I must say to the noble Lord, Lord Morton of Shuna, that I should have thought it was very clear from the discussions that we have had why the Government agreed to support the right reverend Prelate in seeking a solution to meet the clearly expressed concerns from many sides of the House and indeed from outside the House. I should make it clear at the outset that the Government are recommending that your Lordships support the amendments which have been put down in my name as well as the package of amendments proposed by the right reverend Prelate and my noble friends the Duke of Norfolk and Lord Elton. In speaking to the amendments referred to by the right reverend Prelate—Amendments Nos. 8 to 21 and 46 to 50—I shall also speak to Amendment No. 124.

The Government's position in considering all the amendments tabled about collective worship has been conditioned by two major considerations additional to our general wish to support noble Lords in ensuring that pupils are exposed to worship in accordance with Christian traditions and beliefs. First, we wish as far as possible to ensure that the act of collective worship provided for in statute is indeed collective. It is because such an act of worship can perform an important function in binding together members of a school and helping to develop their sense of community that we in this country make collective worship in schools a statutory requirement, although other equally Christian countries do not do so. This educational value of worship must be clearly distinguished from confessional acts of worship which are properly pursued by practising Christians and members of other faiths. Maintaining the collective emphasis and minimising withdrawal of pupils from the act of worship is a proper concern of those responsible for education.

Secondly, we have to ensure that what is required in legislation is practicable for schools to do. It was that consideration which led us to initiate consultations last year concerning the timing and organisation of collective worship in schools in order that we might include in the Bill the provision which is now part of Clause 6.

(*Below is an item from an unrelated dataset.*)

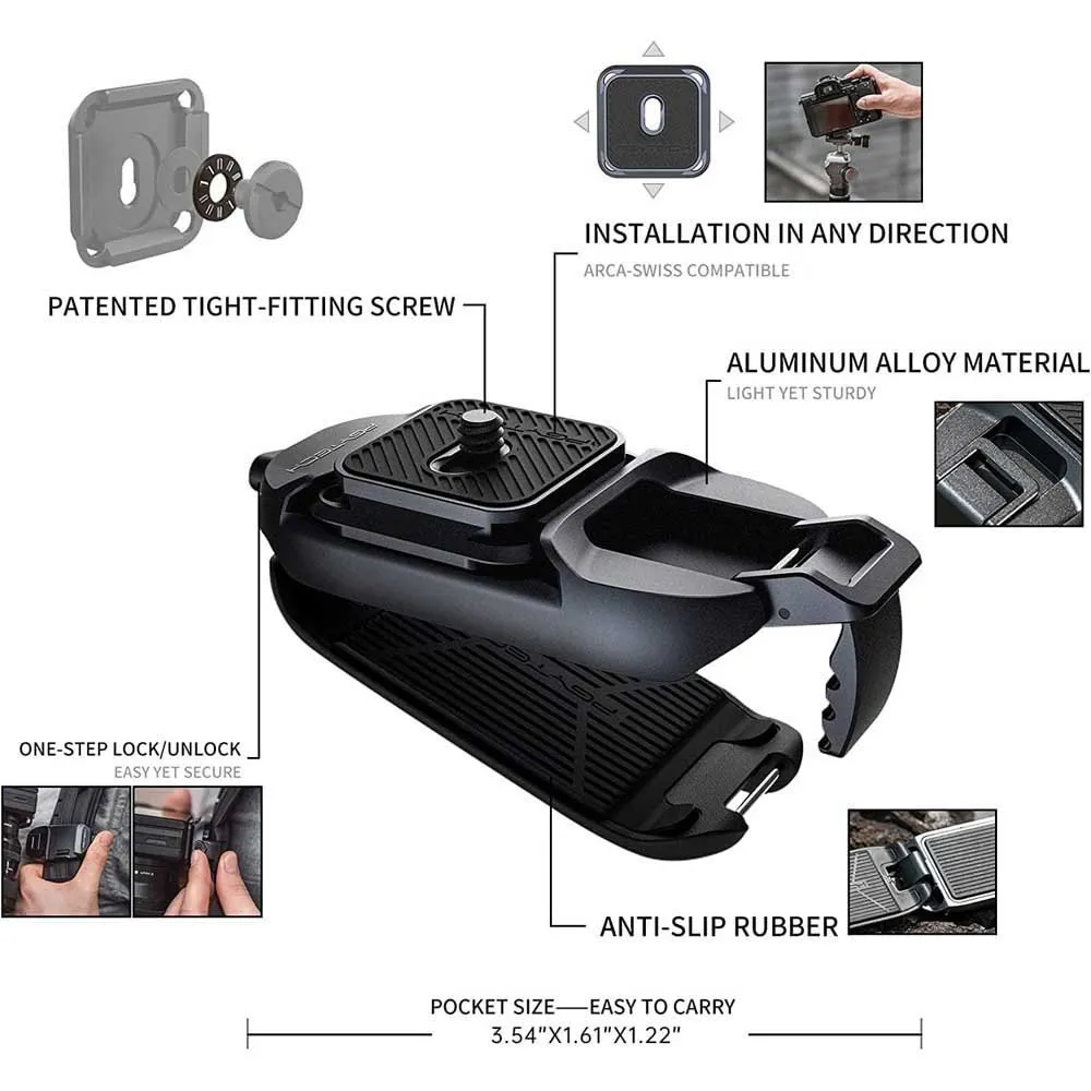 Klips do aparatu PGYTECH P-CG-040 w kolorze czarnym to wygodne i wszechstronne akcesorium dla fotografów i filmowców. Ten klips bezpiecznie mocuje się do paska lub paska plecaka, umożliwiając łatwe przenoszenie aparatu w podróży. Klips jest wykonany z wysokiej jakości materiałów i posiada mechanizm szybkiego zwalniania, zapewniający szybki i łatwy dostęp do aparatu. Zawiera również mocowanie śrubowe 1/4" do mocowania różnych akcesoriów do aparatu. Ten klips do aparatu to niezbędny element wyposażenia dla każdego, kto chce, aby jego aparat był bezpieczny i łatwo dostępny podczas przygód na świeżym powietrzu lub sesji zdjęciowych.

Amendments Nos. 8, 9 and 12 would put into statute provisions for separate alternative acts of worship to be organised for those of different faiths, albeit in an apparently discretionary way. Let me make the position clear. The law requires collective worship. Parents have the right to withdraw their children from such worship. Where enough pupils are withdrawn and their parents want them to have alternative worship on the school premises, it is open to the governing body and head teacher to organise alternative worship, voluntarily and on a good will basis. This is the sort of case described by the noble Lord, Lord Stewart of Fulham, to which the right reverend Prelate referred.

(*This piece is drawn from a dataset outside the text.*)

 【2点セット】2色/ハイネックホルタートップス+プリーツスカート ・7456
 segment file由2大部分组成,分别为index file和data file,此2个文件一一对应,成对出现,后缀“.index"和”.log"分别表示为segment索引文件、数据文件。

We think that that is a sensible position. The head can judge whether he or she has the resources to organise such provision and whether to do so would in any way upset relations and sensibilities within the school. Nothing in the Bill prevents such voluntary arrangements or makes them less likely to happen. I am happy to give noble Lords an assurance that the Government will issue a circular which will give specific guidance encouraging schools to make alternative provision for pupils who are withdrawn.

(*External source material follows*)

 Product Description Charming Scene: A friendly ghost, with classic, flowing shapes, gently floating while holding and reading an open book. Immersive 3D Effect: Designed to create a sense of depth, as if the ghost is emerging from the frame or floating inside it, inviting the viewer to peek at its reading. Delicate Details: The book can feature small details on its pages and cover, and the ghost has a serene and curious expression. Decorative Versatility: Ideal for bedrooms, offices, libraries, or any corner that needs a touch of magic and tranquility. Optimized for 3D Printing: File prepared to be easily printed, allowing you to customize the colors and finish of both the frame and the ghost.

The amendments proposed by the right reverend Prelate have resulted from his consulations, as he has explained. They will cater for situations where a high rate of withdrawal is inevitable—for example, in schools where most pupils are from non-Christian backgrounds—and where it will be right and proper that alternative provision for worship should be made. But his amendments do not encourage pressures for separate acts of worship according to faith and they put the SACRE in the position of deciding whether a school should be exempt from the normal requirement to provide broadly Christian worship so that they must instead provide alternative forms of worship for one or more faiths.

That is a sensible and controlled way of approaching the issue of separate collective worship for pupils of different faiths, and one which will ensure that all the circumstances, including parents' views, are taken into account. I believe that the amendments tabled by the right reverend Prelate fully meet the points made by the noble Lady, Lady Saltoun. They have the added advantage of reflecting the consultations carried out by the right reverend Prelate before Report stage, and they fulfil the intention of the amendments he tabled previously as a result of those consultations.

Turning to the amendments standing in the name of the noble Baroness, Lady Blackstone, and others, we believe that head teachers and governors should take account of the views of parents on those matters. I have previously commended the arrangements proposed by the right reverend Prelate for doing precisely that. However, we believe that a ballot of parents is quite the wrong machinery for ensuring that. I therefore hope that in due course those amendments will be withdrawn.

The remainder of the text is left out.